No ano de 2000, a China comprou US$ 739,8 milhões em básicos do Brasil. O valor era pouco representativo dentro dos US$ 12,6 bilhões em básicos embarcados pelos brasileiros. No ano passado, os chineses compraram US$ 25,8 bilhões em básicos, o que representou 28,6% do total exportado pelo Brasil nessa classe de produtos. Nesse período de dez anos, a fatia dos básicos nas exportações brasileiras saltou de 22,8% para 44,6%.
“Não há problema nenhum em exportar básicos. O problema é só exportar básicos e para poucos destinos”, diz Barral. Para ele, dentro de dois ou três anos, o que considera “médio prazo”, pode haver mudanças nos patamares de preços dos básicos e o Brasil pode sofrer impacto no resultado de sua balança comercial, cujo superávit hoje é sustentado pela exportação de básicos.
“O efeito do preço no avanço dos básicos e da participação da China foi muito maior do que o do volume, principalmente nos últimos meses”, lembra Sílvio Campos Neto, economista da Tendências Consultoria.
O principal produto brasileiro exportado hoje – e também o principal comprado pela China – é o minério de ferro. No primeiro quadrimestre deste ano o Brasil exportou US$ 11,3 bilhões em minério de ferro, dos quais US$ 5,3 bilhões foram para a China. No mesmo período do ano passado a exportação brasileira do produto foi de US$ 5 bilhões, sendo 42% para os chineses.

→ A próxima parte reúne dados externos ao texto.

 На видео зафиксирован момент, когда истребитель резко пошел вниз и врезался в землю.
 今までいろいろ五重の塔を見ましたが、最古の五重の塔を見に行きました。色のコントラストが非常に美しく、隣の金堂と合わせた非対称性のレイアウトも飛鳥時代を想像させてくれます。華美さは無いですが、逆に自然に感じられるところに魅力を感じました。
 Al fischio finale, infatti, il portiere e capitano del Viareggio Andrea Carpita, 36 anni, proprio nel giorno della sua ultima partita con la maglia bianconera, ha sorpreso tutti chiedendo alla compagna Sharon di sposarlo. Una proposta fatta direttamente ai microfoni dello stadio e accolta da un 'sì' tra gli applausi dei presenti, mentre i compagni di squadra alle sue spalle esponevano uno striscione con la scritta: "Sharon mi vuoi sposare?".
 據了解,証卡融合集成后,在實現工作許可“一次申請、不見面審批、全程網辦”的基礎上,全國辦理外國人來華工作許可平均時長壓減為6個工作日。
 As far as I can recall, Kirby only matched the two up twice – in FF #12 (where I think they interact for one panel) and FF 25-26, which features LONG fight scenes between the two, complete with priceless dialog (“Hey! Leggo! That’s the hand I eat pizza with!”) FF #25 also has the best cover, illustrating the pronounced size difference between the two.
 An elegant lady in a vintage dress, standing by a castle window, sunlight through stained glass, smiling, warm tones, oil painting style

A alta em termos de valor foi proporcionada principalmente por aumento de preço. Em abril, houve elevação de 129% na exportação de minério de ferro, na comparação com o mesmo mês do ano passado. No período o preço subiu 88% enquanto a quantidade, apenas 22%.
A soja em grão, outro produto fortemente exportado para a China, experimentou aumento de 42% no valor em abril, na comparação com o mesmo mês do ano passado. No período, o aumento de preço foi de 30% enquanto o de volume, 9%. Os dados são do MDIC.

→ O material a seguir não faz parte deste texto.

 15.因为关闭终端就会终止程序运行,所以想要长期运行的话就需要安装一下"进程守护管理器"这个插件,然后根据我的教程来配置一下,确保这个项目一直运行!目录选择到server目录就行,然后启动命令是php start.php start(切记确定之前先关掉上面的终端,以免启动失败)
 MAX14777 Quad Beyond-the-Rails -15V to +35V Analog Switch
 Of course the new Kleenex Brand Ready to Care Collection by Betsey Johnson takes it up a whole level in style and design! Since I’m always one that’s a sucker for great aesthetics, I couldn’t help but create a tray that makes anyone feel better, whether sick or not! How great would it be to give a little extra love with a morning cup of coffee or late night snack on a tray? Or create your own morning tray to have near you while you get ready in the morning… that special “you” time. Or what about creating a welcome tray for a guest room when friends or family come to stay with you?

Além do preço, a alta demanda da China explica a ampliação da fatia do país asiático na venda de básicos do Brasil no mercado internacional. Regiões como a União Europeia, também tradicional consumidora de básicos brasileiros, por outro lado, ainda estão com menor crescimento e têm perdido espaço, lembra Souza.
“Apesar de realmente existir uma demanda realmente forte da China, é bom lembrar que a alta de preços também tem um componente especulativo, resultado da alta liquidez no mercado internacional”, diz o economista-chefe do Iedi. Um arrefecimento de preços, analisa, não muda a alta demanda chinesa, mas pode reduzir o saldo da balança comercial brasileira e até gerar déficit.

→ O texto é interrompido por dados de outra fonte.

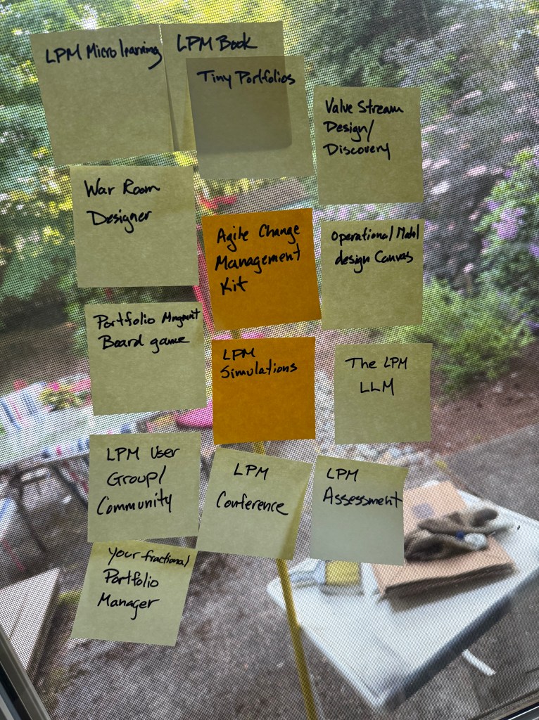Today, I decided to take one of my product ideas and dig into it more deeply. My first step was to review my idea board and look for a common theme. I knew I wanted to write a book about portfolio management, so I scanned the board for any products and tools related to that topic. From there, I was able to form a small cluster of related offerings.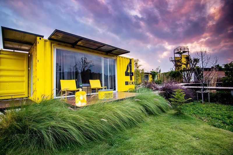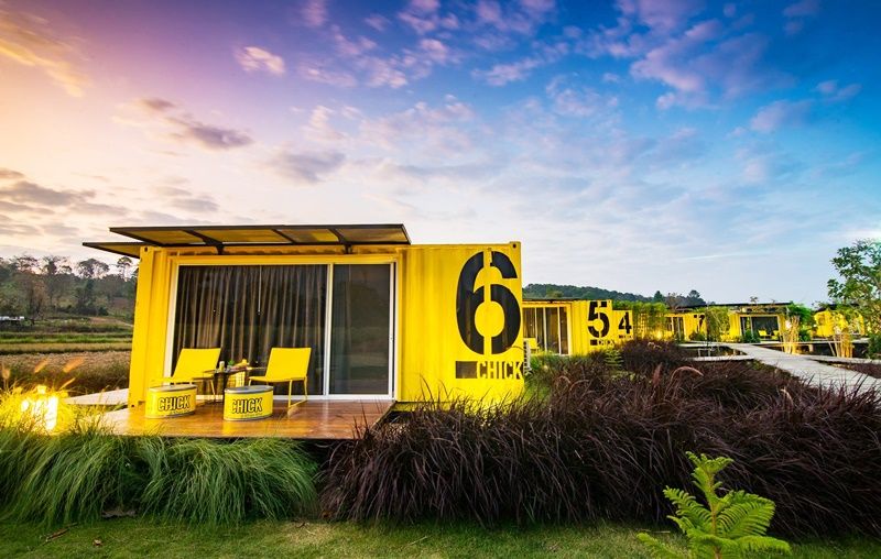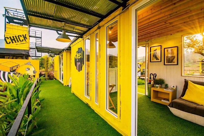 小雞度假村(Chick Resort)內建設公共服務區,同樣由集裝箱改造而成,并擁有高層眺望臺,使用豎直放置的集裝箱筑成。該度假村是一個注重自然友善服務的項目,別具一格的居住概念將尋常的集裝箱之家轉換成在山間和綠色稻田中的舒適臥室,讓游客們可以在新鮮的空氣中休息,倍感舒適和愉悅。

O economista da Tendências acredita que o aumento da dependência do mercado chinês não é ideal do ponto de vista estratégico. O ponto positivo, ressalta, é que o país tem aproveitado a oportunidade, o que tem propiciado a manutenção de uma moeda nacional mais forte. “Isso tem possibilitado as importações, necessárias para atender a demanda interna forte e para proporcionar o crescimento da economia.”
Barral vê os efeitos benéficos atuais da exportação brasileira de básicos. Ele ressalta, porém, que o avanço da China pode fazer com que o país asiático use essa maior dependência como instrumento de negociação. “Isso aconteceu com a Argentina no ano passado com o óleo de soja”, diz Barral. Ele se refere ao embargo de sete meses feito pela China em relação ao óleo de soja argentino, que tem no país asiático o principal comprador. “Os chineses pararam de comprar e a Argentina teve que negociar em uma condição desvantajosa.” Para Barral, essa possibilidade hoje é mais distante em relação ao Brasil porque para alguns produtos importantes na pauta de exportação brasileira não há outros fornecedores que consigam suprir a demanda chinesa. “Mas isso pode mudar. Pode haver, por exemplo, aumento de produção agrícola de soja por terceiros países ou mesmo pela própria China, nos investimentos que tem sido feitos no continente africano, por exemplo.”